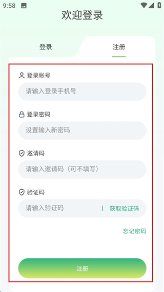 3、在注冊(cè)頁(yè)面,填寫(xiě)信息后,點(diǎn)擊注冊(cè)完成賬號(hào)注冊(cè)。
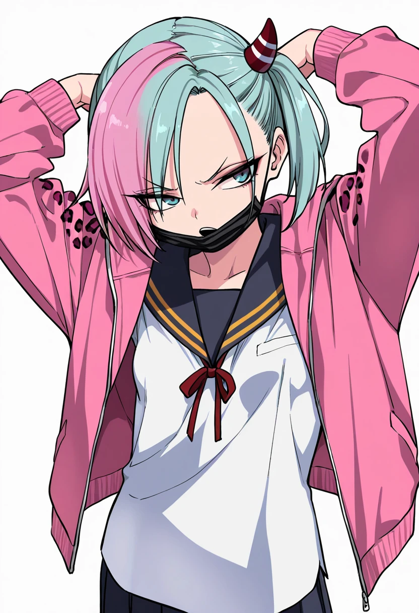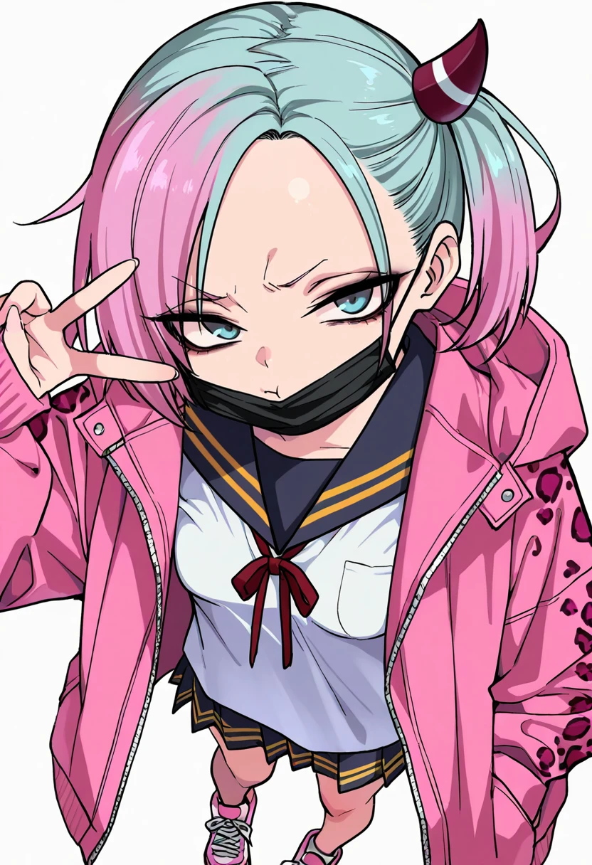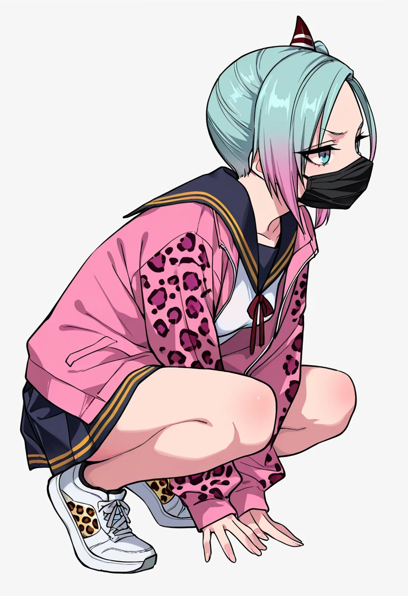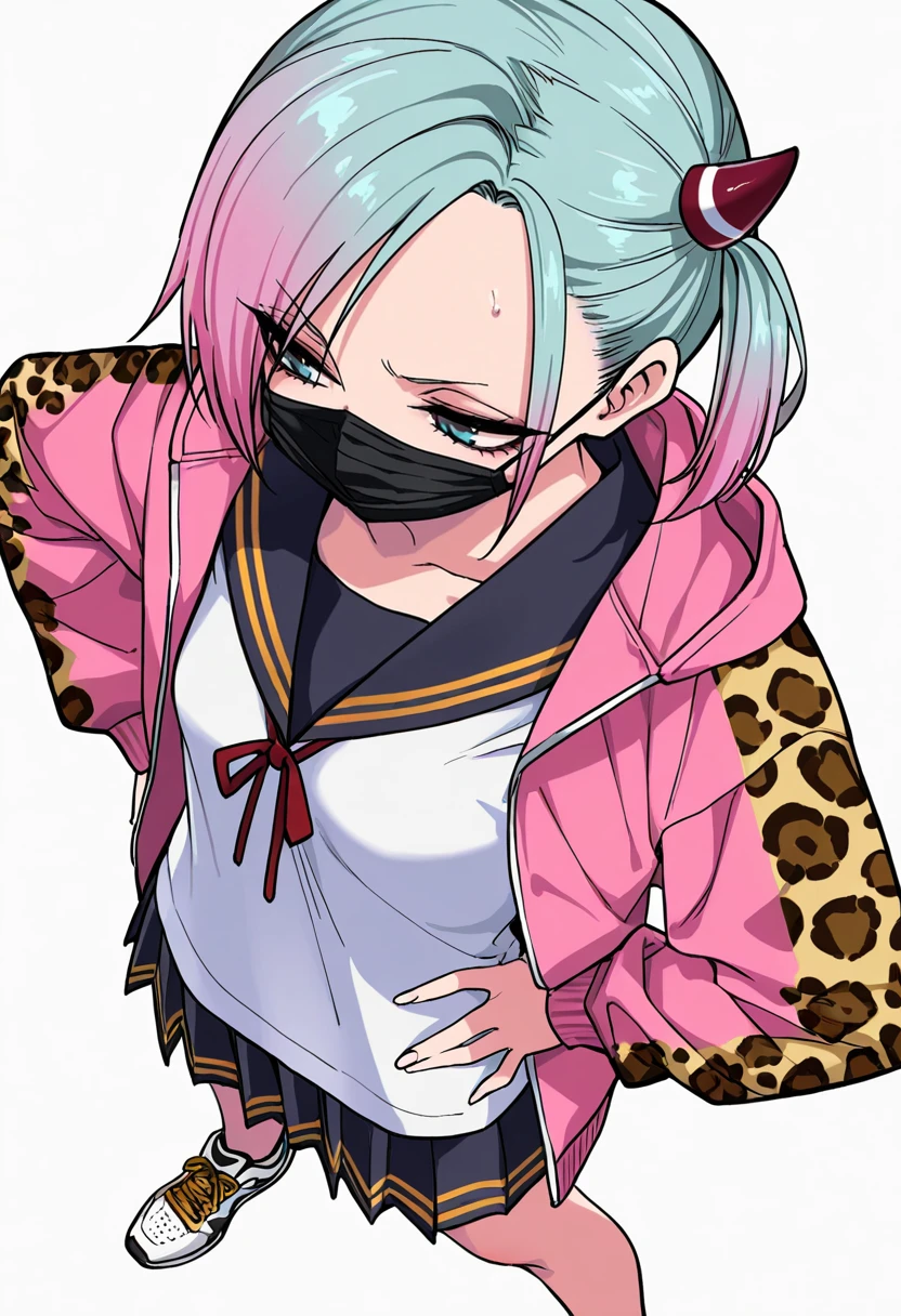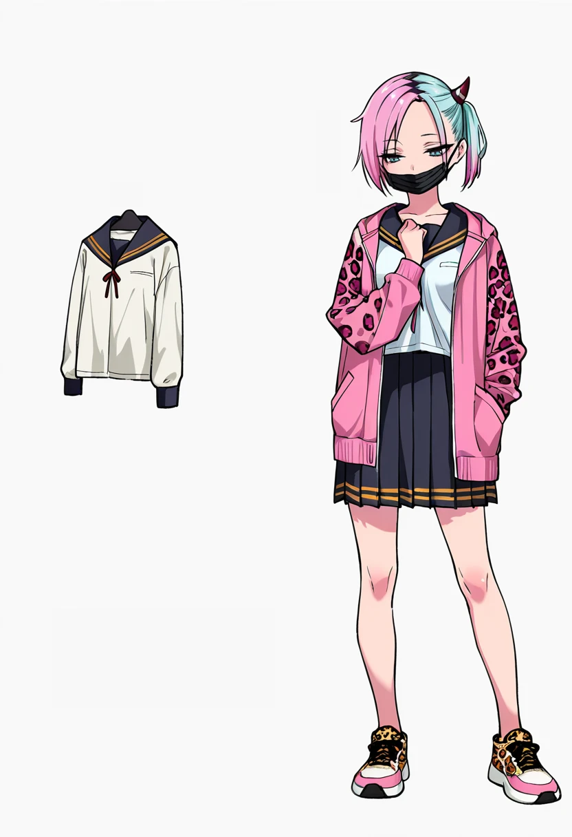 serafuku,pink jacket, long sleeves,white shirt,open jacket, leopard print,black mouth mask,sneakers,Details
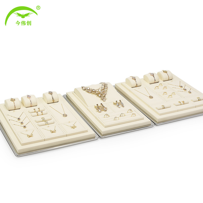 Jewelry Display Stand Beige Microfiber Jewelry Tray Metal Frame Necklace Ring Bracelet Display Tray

======

### [Activity]
Could you give the material above again, exactly and without its pictures?

### [Solution]
 3、在注冊(cè)頁(yè)面,填寫(xiě)信息后,點(diǎn)擊注冊(cè)完成賬號(hào)注冊(cè)。
 serafuku,pink jacket, long sleeves,white shirt,open jacket, leopard print,black mouth mask,sneakers,Details
 Jewelry Display Stand Beige Microfiber Jewelry Tray Metal Frame Necklace Ring Bracelet Display Tray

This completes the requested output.